Detectives outside the apartment searched the Dumpster and found a handwritten bill of sale for a Smith & Wesson .357 Magnum. The buyer was listed as J. T. Jay, and the date was January 28. The “J” was written to look like a “G”—the same peculiarity in handwriting present in Sam Jesse’s signature on the rental agreement.

On the rental agreement, Jesse had listed his employer as Metro Transit, Seattle’s bus system, and noted that he worked nights. He did not, of course, work for the transit company; he didn’t have a job at all.

The investigators gathered up their bags of evidence, and double-locked the apartment. Back at the Homicide Unit, detectives got word that Sam Jesse had been taken into custody in Hawaii as he left the plane. He had told FBI agents that he knew nothing of a bank robbery or shooting in Seattle.

Sergeant Don Cameron drove to the home of Jesse’s mother and explained as gently as he could about her son’s arrest for bank robbery. The shocked woman said she had seen Sam last on Sunday afternoon, the day before the Prudential Bank robbery. He had told her then that he might be going away with friends for a week, but gave no details beyond that.

His mother had come to understand Sam’s need to get away occasionally. It was his pattern, she said, to go into the hills a few times a year, and he told her he had been cutting wood for spending money. He’d told her that he worked for Metro Transit until six months before. She didn’t mention the janitorial job. Sam was quite intelligent, she said, and he had completed several semesters of
college at Bellevue Community College where he’d been principally focused on mathematics. When Cameron asked her about Sam’s personality and if he was ever violent, she shook her head in surprise. On the contrary, she said, he was always easygoing and mild around his family.

When detectives counted the money they’d recovered from Sam’s apartment, it totaled $1,416. The serial numbers matched the list of marked bills the teller at the Prudential Bank had handed over on February 25. These were probably the bills in the dye pack. Some of them were wet—as if he had attempted to wash the orange stain from them. If Sam had used stolen money to buy his plane ticket to Hawaii, it had not been from the dye pack. For some reason, he’d left most of the stolen money behind—even the unstained bills.

Maybe he’d been haunted by the memory of the old man he shot.

Sam Jesse never got to see Hawaii, nothing beyond the FBI offices in Honolulu. He continued to deny any culpability in the Prudential Bank robbery for a long time, even after he was informed that Seattle detectives had found the gun and the stolen money in his apartment. He insisted the agents had “the wrong man.”

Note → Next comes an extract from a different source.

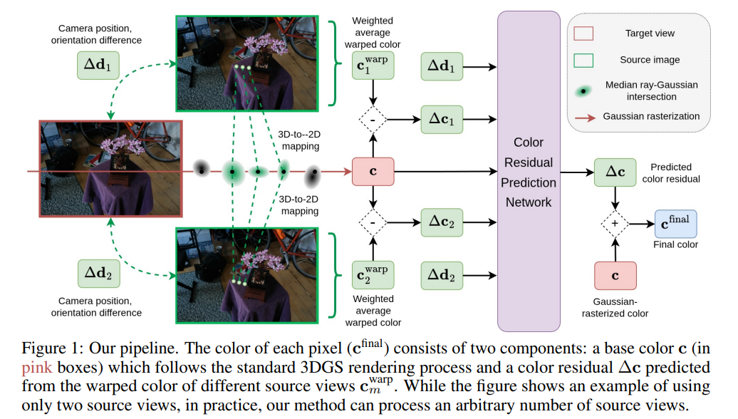亮点:针对传统3D高斯溅射(3DGS)依赖低阶球谐函数,难以捕捉空间变化颜色和镜面高光等视图依赖效应的缺陷,提出图像基高斯溅射方案;创新将像素颜色建模为"3DGS基色+邻近训练图像学习残差"的组合,兼顾高分辨率细节还原与视图特异性颜色表达;在不增加存储开销的前提下,显著提升新视角合成(NVS)质量,尤其在高频细节和准确视图依赖效果上实现SOTA突破。

Back on the mainland, however, the evidence continued to pile up. The bullet retrieved at William Heggie’s autopsy proved to have been fired from the barrel of the .357 Magnum recovered in Sam Jesse’s apartment. The orange stains on the VW bug matched the bank’s orange dye microscopically.

At length, Jesse agreed to give a verbal statement to FBI agents in Hawaii, although he refused to sign any
written statement. He said he had driven his VW bug around the area near his apartment on Queen Anne Hill until he located the truck he wanted to steal for the bank robbery. He parked his VW at his apartment, and walked the four blocks to the turquoise pickup. He quickly changed the ignition and stole it. He’d then driven it to the Laurelhurst area and parked it within blocks of the Prudential Bank. That accomplished, he’d taken a cab back to his apartment.

The next morning, which was the Monday of the robbery, Sam said, he’d driven his VW bug to the block where witnesses had spotted it. He’d used the stolen pickup to get to the bank. At that point, everything was going just as he had planned.

But not for long. All of his careful choreography had evaporated as he turned to exit the bank with his bounty. Even so, his voice was relatively calm as he described his struggle with the old man and having to shoot him— something he had never envisioned. Then there was the “WHOOSH!” as the dye trap exploded in the cab of the truck.

He’d dumped the pickup, retrieved his VW bug, and returned to his apartment. Working feverishly, he’d pulled off his stained clothing and fished out some of the bills with the darkest dye color and placed them in a plastic garbage bag. He threw the bag off the Aurora Bridge at the deepest part of the Lake Washington ship canal.

At two o’clock on Tuesday morning, he’d bought some blue spray at a 7-Eleven store and attempted to paint over the rear fender of the bug, but it was raining so hard that the paint kept running, and the results weren’t what he hoped for. Jesse also said that his suitcase, the one federal agents had seized as he landed in Honolulu, contained a
thousand dollars, some of the few unstained proceeds from the Prudential Bank robbery, as well as some cash from “a previous one.”

Asked what ammunition he used in the .357, he said he’d used Remington hollow-point, semijacketed, 158-grain ammunition. It was quickly apparent that Sam Jesse had felt far more comfortable talking about his plans for the bank robbery, and the way it had gone down, than he did talking about the death of William Heggie.

He told the FBI agents that he had never intended to kill anyone. He hadn’t noticed the old man in the bank until he was robbing the teller. Out of the corner of his eye, he’d seen the man trying to put a key into the bank’s door. The agitated bank manager made three attempts to lock the door without success, and Sam said he’d decided he had to get out of the bank quickly. He grabbed the money bag and headed for the door, bumping into the elderly man.

“When I got to my truck, I saw that the guy had followed me,” Jesse said. “I only meant to scare him when I pointed the gun right at him. But instead of backing off, he just reached out and grabbed the gun with both his hands, and he started trying to wrestle it away from me.

“I was wearing gloves, trying to pull the gun back. I heard the gun hammer cock, and there was an explosion. The old man said something like, ‘Oh, my God,’ and he fell down. I just panicked and drove off. I guess I was about one hundred yards from the bank when the dye pack detonated.”